=== Section Start ===

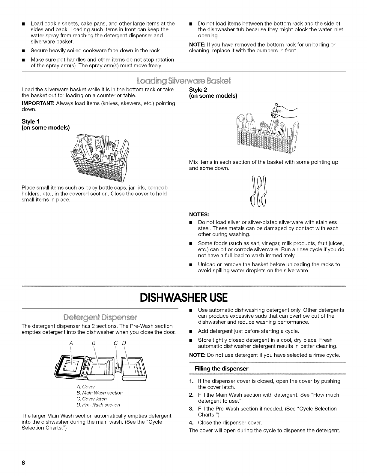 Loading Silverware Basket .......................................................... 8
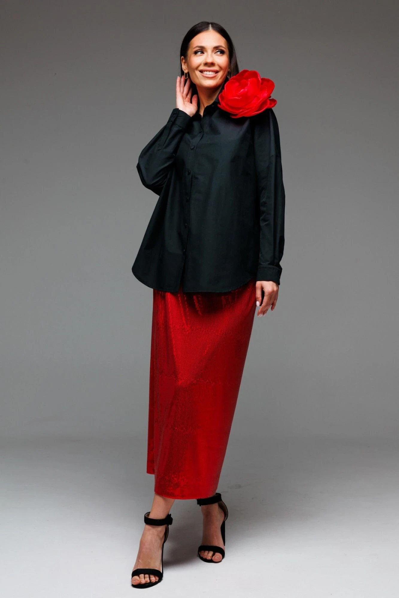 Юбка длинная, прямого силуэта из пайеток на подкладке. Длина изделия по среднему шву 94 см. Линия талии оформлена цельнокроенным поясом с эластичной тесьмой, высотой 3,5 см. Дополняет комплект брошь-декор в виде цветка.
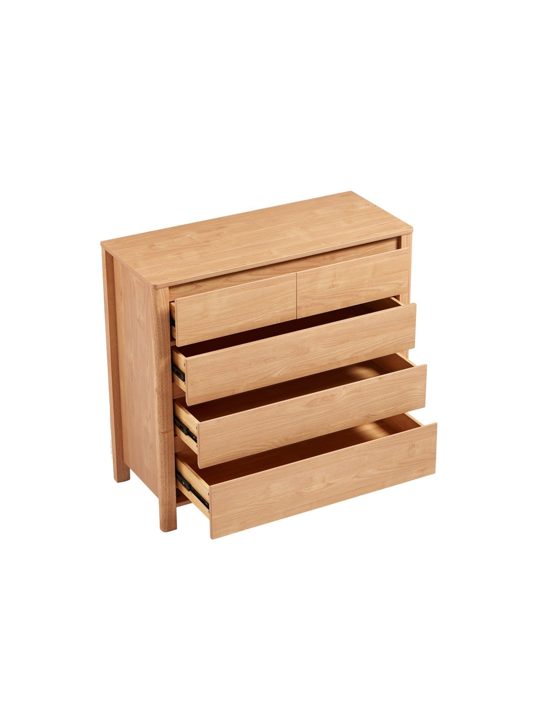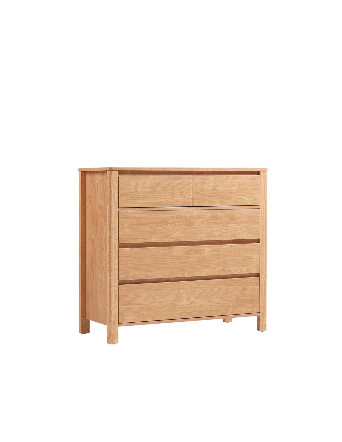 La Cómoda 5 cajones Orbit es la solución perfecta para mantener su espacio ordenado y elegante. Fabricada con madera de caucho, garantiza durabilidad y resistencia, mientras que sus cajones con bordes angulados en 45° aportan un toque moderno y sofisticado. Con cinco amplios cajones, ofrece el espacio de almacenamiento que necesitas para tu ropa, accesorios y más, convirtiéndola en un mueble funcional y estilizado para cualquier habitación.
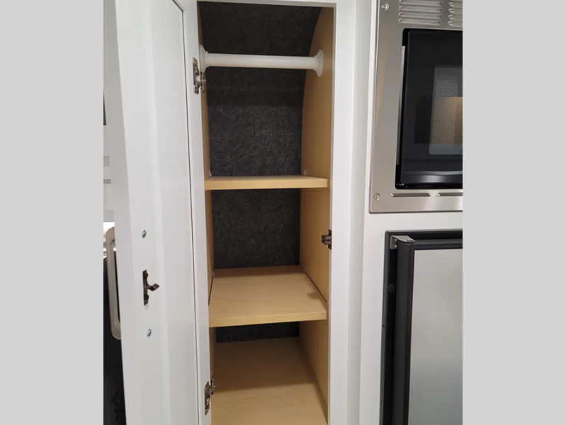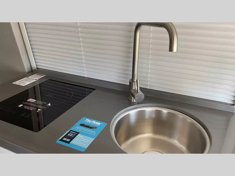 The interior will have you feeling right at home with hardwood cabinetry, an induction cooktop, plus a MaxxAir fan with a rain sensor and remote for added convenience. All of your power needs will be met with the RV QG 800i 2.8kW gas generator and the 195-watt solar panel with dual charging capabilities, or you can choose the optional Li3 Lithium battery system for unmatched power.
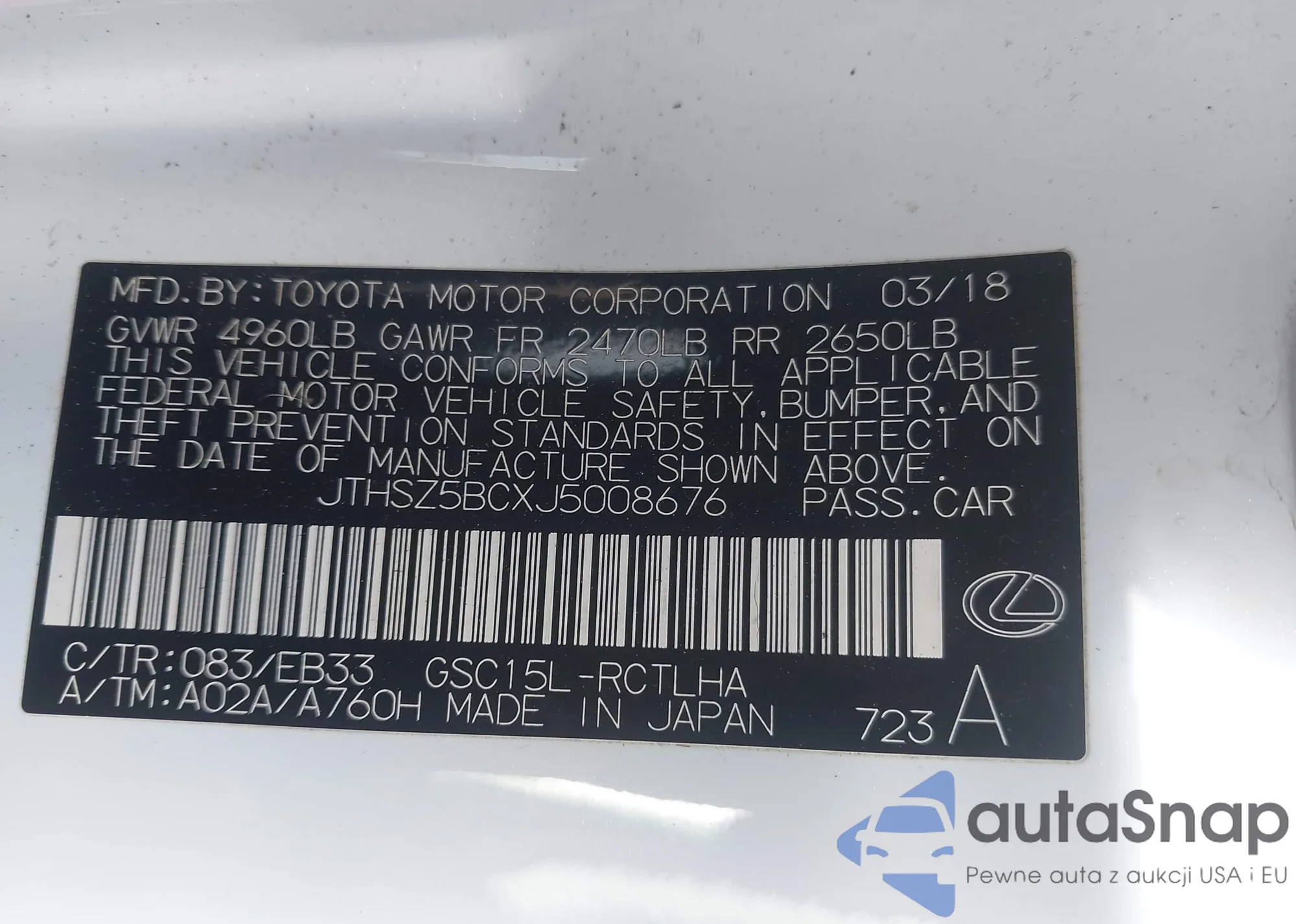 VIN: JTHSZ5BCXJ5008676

=== Section End ===

* Work request
Please transcribe, word for word, every line from the first line of the records above through the line containing "La Cómoda 5", and leave out any pictures.

* Worked solution
 Loading Silverware Basket .......................................................... 8
 Юбка длинная, прямого силуэта из пайеток на подкладке. Длина изделия по среднему шву 94 см. Линия талии оформлена цельнокроенным поясом с эластичной тесьмой, высотой 3,5 см. Дополняет комплект брошь-декор в виде цветка.
 La Cómoda 5 cajones Orbit es la solución perfecta para mantener su espacio ordenado y elegante. Fabricada con madera de caucho, garantiza durabilidad y resistencia, mientras que sus cajones con bordes angulados en 45° aportan un toque moderno y sofisticado. Con cinco amplios cajones, ofrece el espacio de almacenamiento que necesitas para tu ropa, accesorios y más, convirtiéndola en un mueble funcional y estilizado para cualquier habitación.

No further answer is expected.